Старик предложил вызвать врача, но я отказался. Знаю наперёд все, что он скажет: лежать, стрептоцид, полоскание, согревающий компресс. Может быть, ещё горячее молоко со сливочным маслом.
По радио передавали совхозные новости. Во многих бригадах жатва подходила к концу. Молоденький женский голос, мне показалось, Линёвой, секретарши директора, назвал передовые бригады.
— Жена участкового? — спросил я у сторожа, хлопотавшего возле меня.
— Галка. Она, — кивнул Савелий Фомич.
— «…Парад отстающих опять возглавляет бригада Шамоты. На её участке убрано зёрна всего лишь с пятидесяти четырех с половиной процентов запланированной площади…».
— Вот завёл порядки, — проворчал сторож.
— Кто? — спросил я.
— Ильин, кому ещё. Мало на совещаниях головомойку устраивают, нет, надо перед всеми людьми срамить…
— «…Видно, работникам этой бригады понравилось ехать на осле…» — задорно проговорила дикторша.
— Ишь изгаляются… Никакого стыда нету, — негодовал Савелий Фомич.
— Что, у вас в хозяйстве разве есть ослы? — полюбопытствовал я.
— Шаржа, так, кажись, называется, — пояснил сторож. — Кто впереди — это, значит, на спутнике несётся.

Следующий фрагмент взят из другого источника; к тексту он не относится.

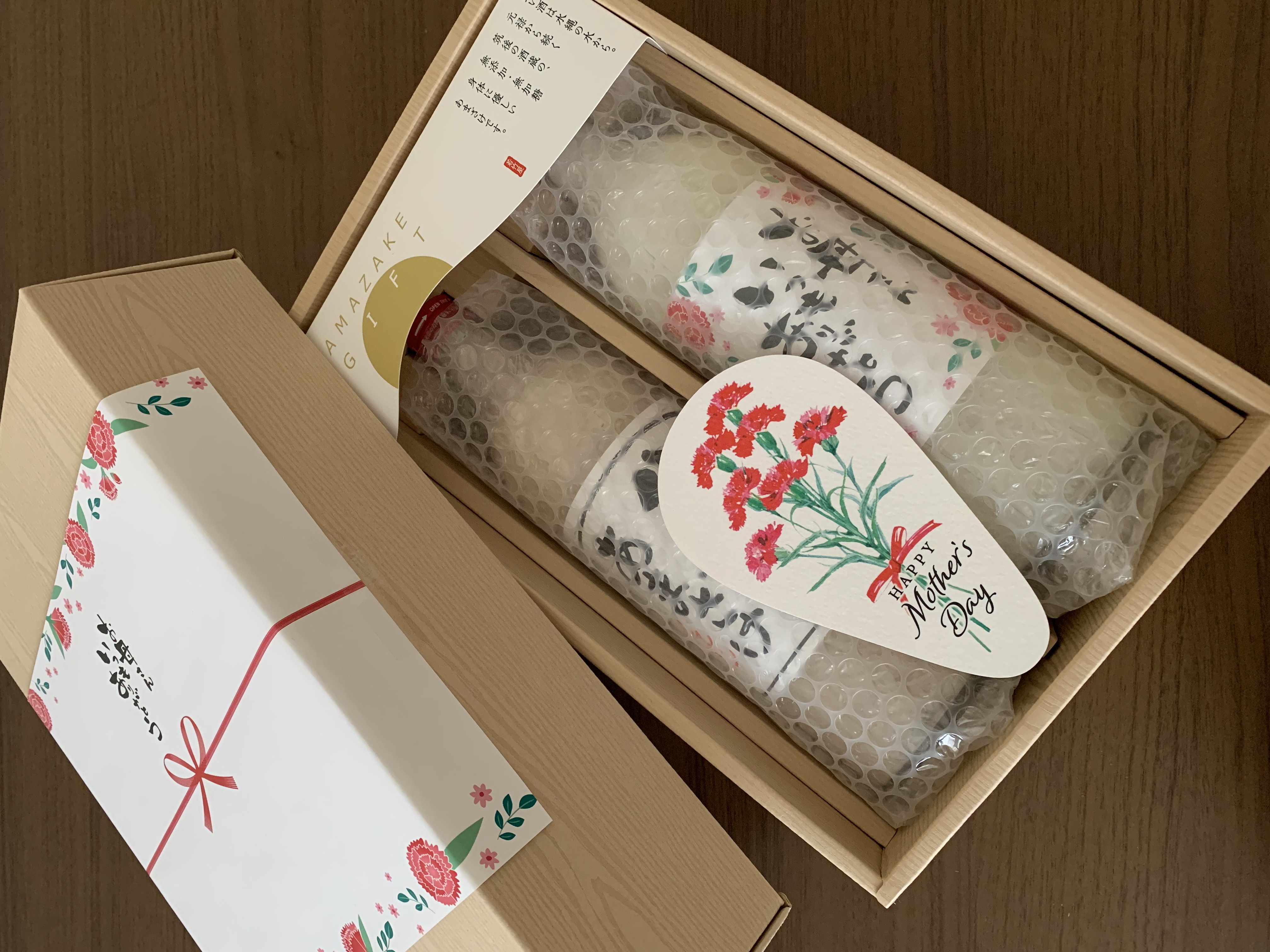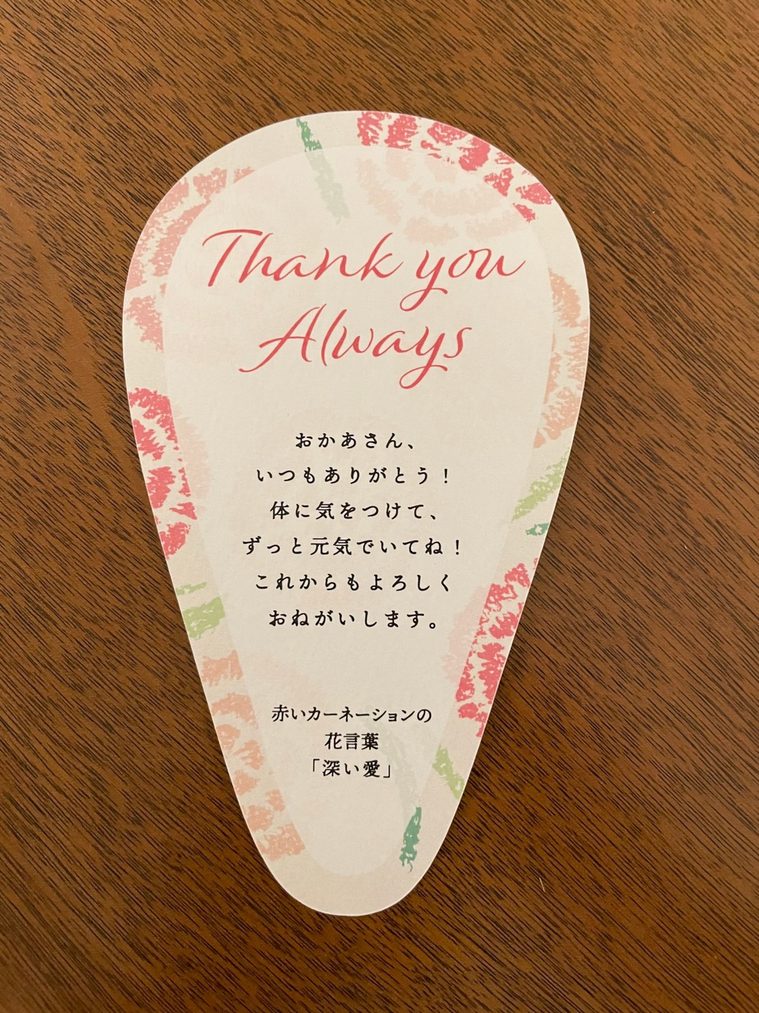 甘酒の上にはカーネーションが描かれたかわいらしいメッセージカード付き!裏には「おかあさんいつもありがとう!体に気を付けてずっと元気でいてね。これからもよろしくおねがいします」という心温まる母へのメッセージと赤いカーネーションの花言葉「深い愛」が書かれていて、これを母に渡したらきっと喜ぶだろうな♪とうれしくなりました。ちょっとした心遣いがありがたいです。メッセージは色々選べるそうなので、気に入ったメッセージを添えるとより一層気持ちが伝わりますよね。
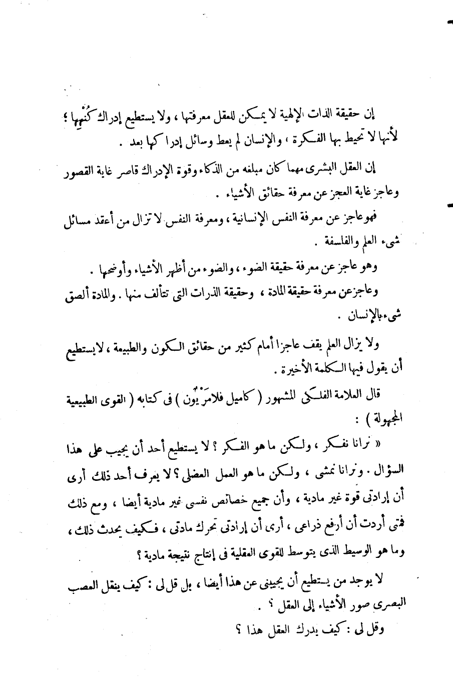 قال العلامة الفلكى المشهور (كاميل فلامَريون) فى كتابه (القوى الطبيعية المجهولة): " نرانا نفكر، ولكن ما هو الفكر؟ لا يستطيع أحد أن يجيب على هذا السؤال؛ ونرانا نمشى، ولكن ما هو العمل العضلى؟ لا يعرف أحد ذلك .. أرى أن إرادتى قوة غير مادية، وأن جميع خصائص نفسى غير مادية أيضًا .. ومع ذلك فمتى أردت أن أرفع ذراعى، أرى أن إرادتى تحرك مادتى، فكيف يحدث ذلك؟ وما هو الوسيط الذى يتوسط للقوى العقلية فى إنتاج نتيجة مادية؟ يوجد من يستطيع أن يجيبنى عن هذا أيضًا؟ بل قل لى: كيف ينقل العصب البصرى صور الأشياء على العقل؟ وقل لى: كيف يدرك العقل هذا؟
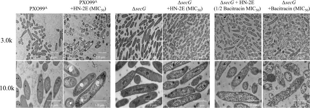 黄单胞菌(Xanthomonas oryzae pv. oryzae, Xoo)是引起的水稻白叶枯病是水稻生产中极为常见且具有破坏力的细菌性病害。长期施用化学农药面临着环境压力及产生抗药性的风险,生防菌贝莱斯芽孢杆菌(Bacillus velezensis)HN-2在对该病害的防治上展现出巨大潜力。该研究首次发现,B. velezensisHN-2的脂肽提取物(HN-2E)能够显著上调Xoo分泌系统(Sec途径)中secG基因的表达。团队通过构建secG基因缺失突变体(ΔsecG),揭示了该基因在病原菌致病性与耐药性中的关键作用。研究发现,secG基因的缺失不仅对菌株本身的生长造成了影响,同时减弱了其运动和生物膜形成能力。同时显著提升了其对HN-2E以及植物体内产生的过氧化氢(H₂O₂)的敏感性。尤为重要的是,研究证实H₂O₂能与HN-2E产生显著的协同增效作用,极大增强了生防效力。这一发现初步阐释根围生防芽孢杆菌远距离防控叶部病害的作用机制,为开发环境友好的病害协同防控新策略奠定了理论基础。
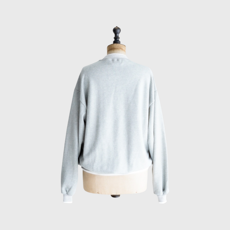 オーバーサイズのボーダーリブスウェットクルーネック。ふんわりと柔らかく肌触りの良い裏毛パイルを使用しています。身体から綺麗に離れる立体的なパターンで構成。たっぷりとした生地の分量感。生地厚は中肉で着用シーズンの長さも魅力的な一着◎
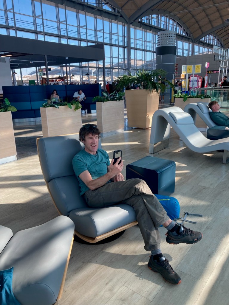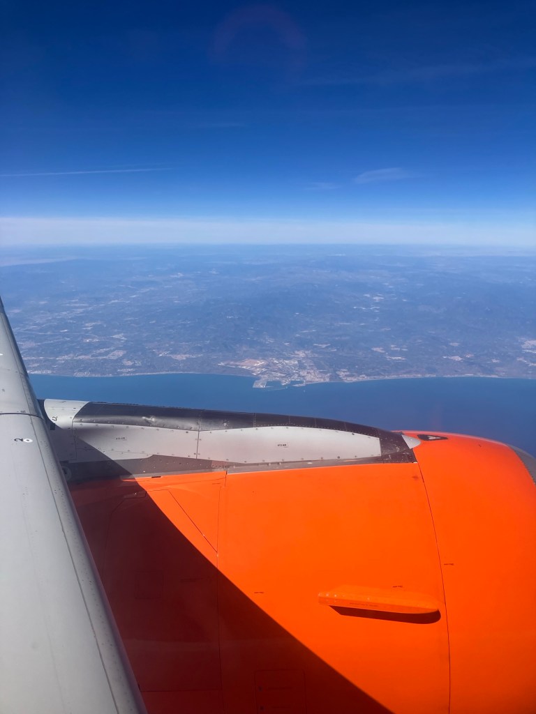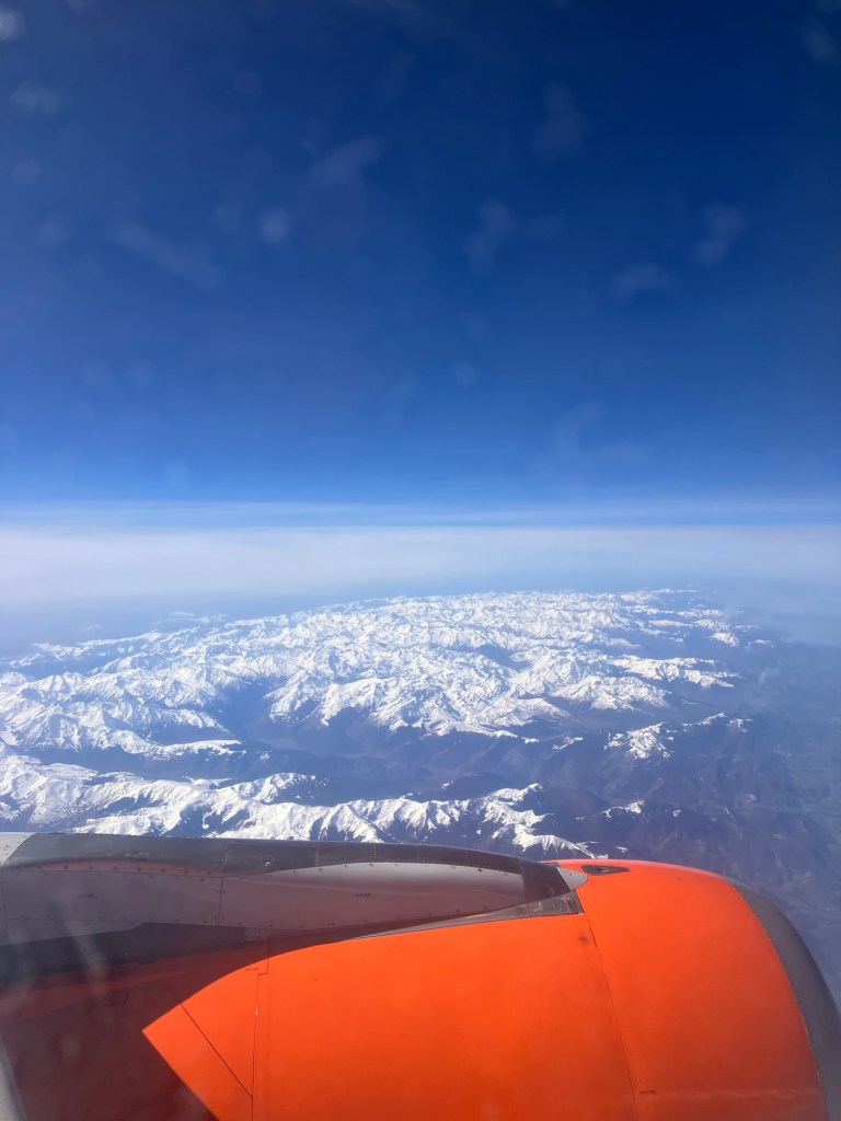 After joining a meeting online, at Alicante Airport, we finally left the blue skies of Spain.
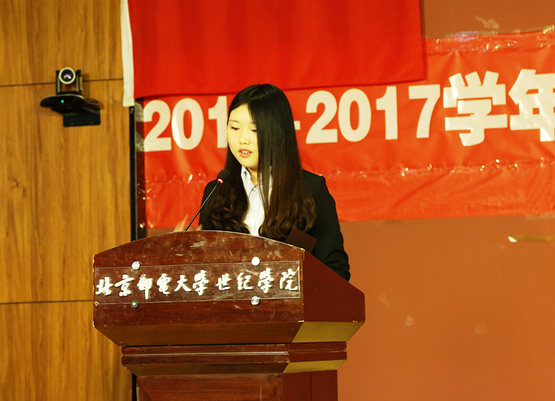 北京邮电大学“优秀团干部”代表武宇洁、学院“十佳志愿者”代表仇兰兰、学院标兵团支部代表李佳欣3名同学作为优秀代表上台发言。武宇洁同学在发言中说:“团学干部是学校联系同学的桥梁和纽带,更是共青团联系青年们的桥梁和纽带,我们要时刻以身作则,起好模范带头作用”。仇兰兰同学结合自己的亲身经历,分享了3年来的志愿服务心得,并号召同学们让志愿活动成为一种生活习惯。李佳欣同学介绍了所属支部2年来取得的成绩及大家付出的努力,强调将继续秉承校训,带领支部再创佳绩。
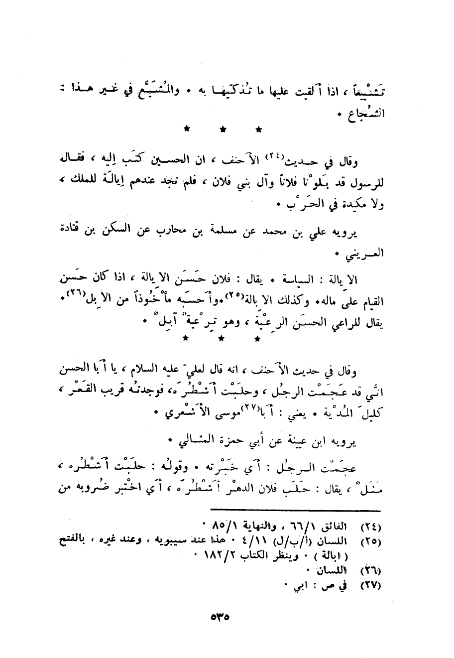 وَقَالَ فِي حَدِيث الْأَحْنَف انه قَالَ لعَلي عَلَيْهِ السَّلَام يَا أَبَا الْحسن اني قد عجمت الرجل وحلبت أشطره فَوَجَدته قريب القعر كليل المدية. يَعْنِي: أَبَا مُوسَى الْأَشْعَرِيّ.
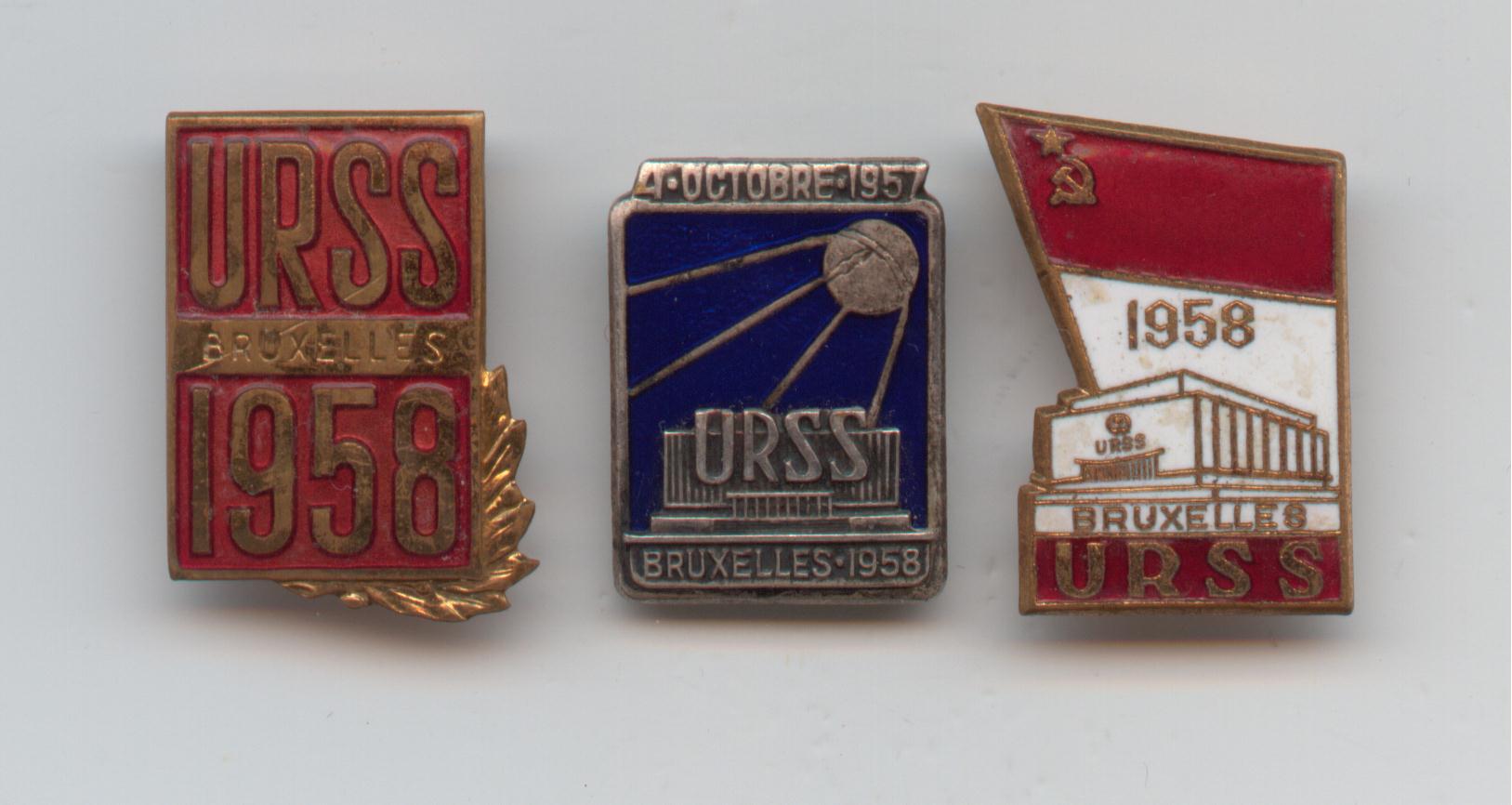 Значок по сюжету и стилю очень схожий со значком выставки в Париже в 1961 году, может быть тоже выставочный, или просто символика? Для наглядности покажу их рядом.
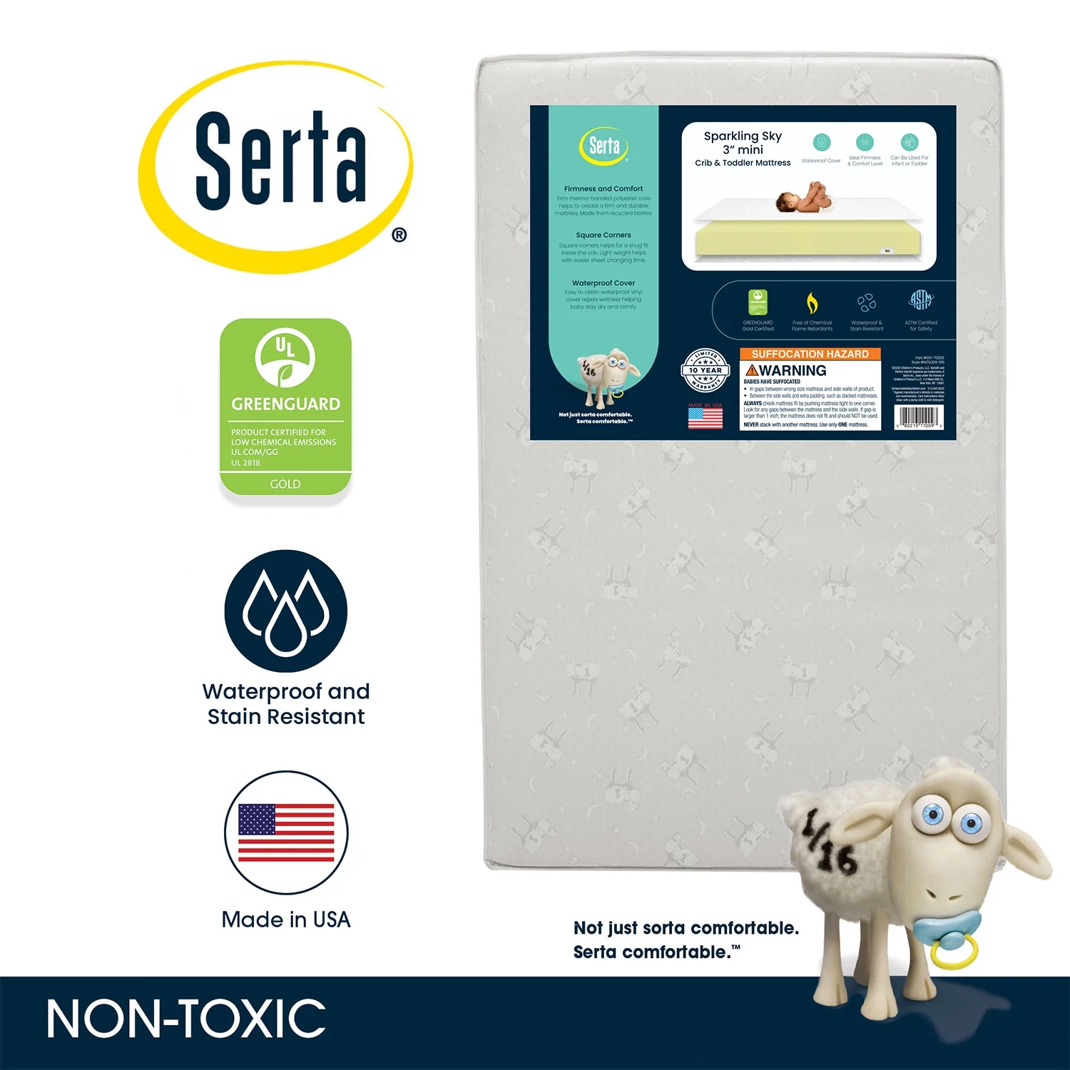 Serta Sparkling Sky 3″ Mini/Portable Crib & Toddler Foam Mattress, GREENGUARD Gold

А кто хуже всех — на осле.
— Наглядная агитация, — сказал я.
— Не агитация, а сплошное издевательство. Откуда Шамоте план взять? Там, видишь ли, в прошлый год ребята молодые поднабрались. Хорошая бригада была. И футбольная команда почти вся из них… Чего Ильин этот взъелся на Шамоту, не знаю. А только месяц назад, аккурат перед самой косовицей, главный агроном почти всех их парней в город угнал. Учиться на механизаторов. Вот и оголили бригаду.
— Только из этой?
— Из других тоже. Но по одному-два человека. А тут — разом дюжину лучших работников. Это зачем человеку три года кряхтеть над книжками-чтобы руль трактора держать? Так, для городского баловства. Ить за счёт совхозных денежек. Теперь над бригадиром насмехаются…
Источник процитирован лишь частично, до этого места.